Secondly, due to the unique family structure in the Middle East, while there are many family members, often only the male head of the household who works outside the home has a credit card. This means that women and unemployed young people in the family often have to settle payments in cash. As of 2024, more than 60% of online purchases are still settled through cash on delivery, resulting in low delivery efficiency and difficulties with returns and exchanges.

Thirdly, Chinese giants are not the only ones eyeing the "pie" of the Middle East market. Back in March 2017, Amazon acquired the local shopping site SOUQ for a whopping $650 million. Today, Amazon Middle East remains the largest comprehensive e-commerce platform in the region, with over 70 million monthly visits, more than 20,000 active sellers, and nearly 10 million products across 21 categories, giving it a significant first-mover advantage. Additionally, local e-commerce platforms like Noon also enjoy inherent advantages due to their local presence.

When Chinese cross-border players arrived, they did not sit idly by but instead launched proactive attacks.

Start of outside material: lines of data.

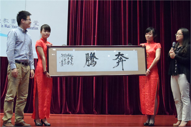 无锡大学生创业联盟主席、麦梯时尚创意设计公司经理马腾与师生们分享自己的创业感悟师生认真聆听讲座院团委书记夏心怡代表学校将“奔腾”的牌匾送给马总5月30日,我院在图文信息中心报告厅成功举办职教园大讲堂活动,无锡大学生创业联盟主席、麦梯时尚创意设计有限公司经理马腾受邀作了《创业,创造你的事业》精彩讲座,来自职教园7所院校的四百余名师生聆听了讲座。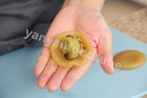 取20g豆沙馅/莲蓉馅压扁包入冷冻好的奶酪蔓越莓馅/抹茶蜜豆馅(古方黑糖椰丝馅可直接使用)。(四)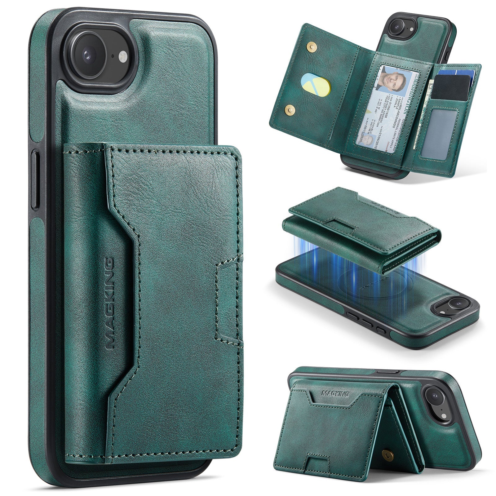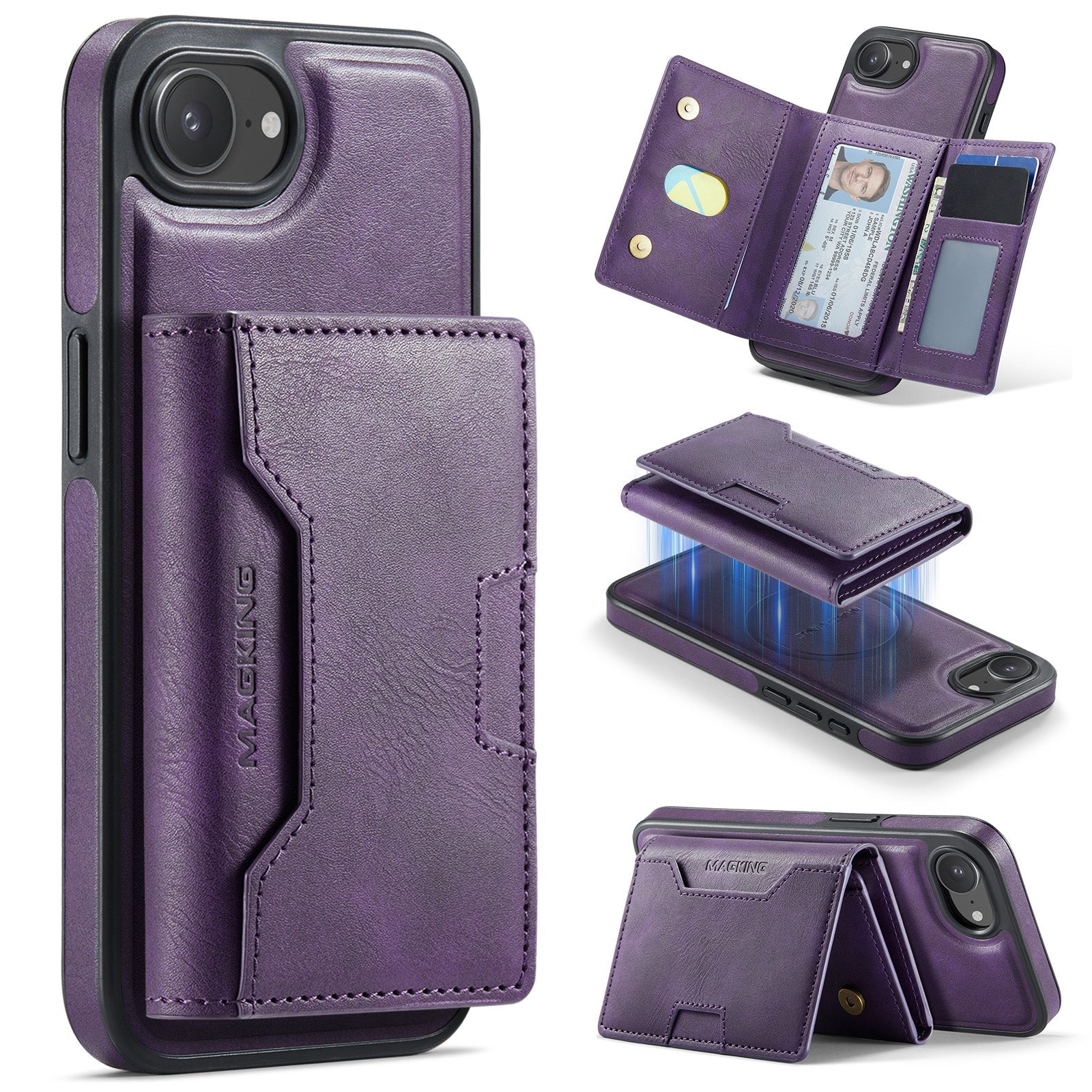 New 2-IN-1 RFID Blocking Wallet Card Holder Leather Phone Case for iPhone 16e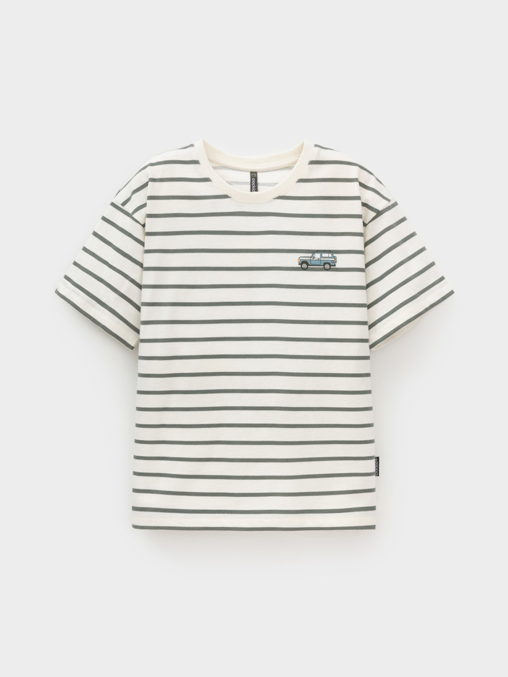 Футболка для мальчика из гладкого трикотажа, произведённого из высококачественного натурального хлопка. Для удобства одевания имеется застёжка на кнопки в размерах 92 и 98. Оригинальный принт выполнен из стойких текстильных гипоаллергенных красителей. Изделие сохраняет цвет и форму после многократных стирок. Все трикотажные полотна производятся в соответствии с нормами швейцарского сертификата ЭкоТекс.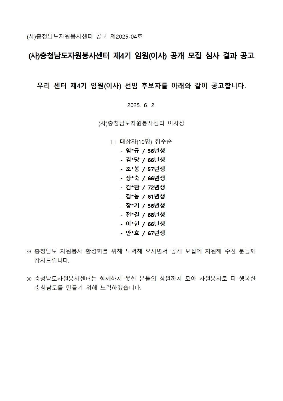 공지 (사)충청남도자원봉사센터 제4기 임원(이사) 공개 모집 심사 결과 공고 작성일25-06-02 10:30 조회수 1,703 회 본문 (사)충청남도자원봉사센터 제4기 임원(이사) 공개 모집 심사 결과를 다음과 같이 공고합니다 목록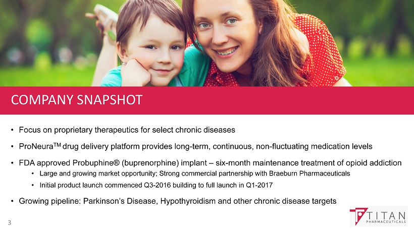 FORWARD - LOOKING STATEMENTS The presentation may contain “forward - looking statements” within the meaning of Section 27 A of the Securities Act of 1933 and Section 21 E of the Securities Exchange Act of 1934 . Reference is made in particular to the description of our plans and objectives for future operations, assumptions underlying such plans and objectives and other forward - looking terminology such as “may,” “expects,” “believes,” “anticipates,” “intends,” “projects,” or similar terms, variations of such terms or the negative of such terms . Forward - looking statements are based on management’s current expectations . Actual results could differ materially from those currently anticipated and such statements involve risks and uncertainties, including, but not limited to, those risks and uncertainties relating to availability of financing, difficulties or delays in development, testing, regulatory approval, production and marketing of the Company's drug candidates, adverse side effects or inadequate therapeutic efficacy of the Company's drug candidates that could slow or prevent product development or commercialization and the uncertainty of patent protection for the Company's intellectual property or trade secrets . ProNeura is a trademark and Probuphine is a registered trademark of Titan Pharmaceuticals, Inc . 2

According to a Wall Street Journal report, Amazon is previewing a new channel for sellers that will specialize in low-cost white-label products, targeting popular products sold by Temu.

From this perspective, Chinese enterprises must not only overcome the difficulties of "acclimatization" but also compete with other enterprises. The road ahead for Chinese enterprises is bound to be bumpy.

However, one thing is certain: addressing these challenges is not only a significant test for Chinese giants but also another brilliant demonstration of Chinese wisdom on the global stage. Time will tell the outcome.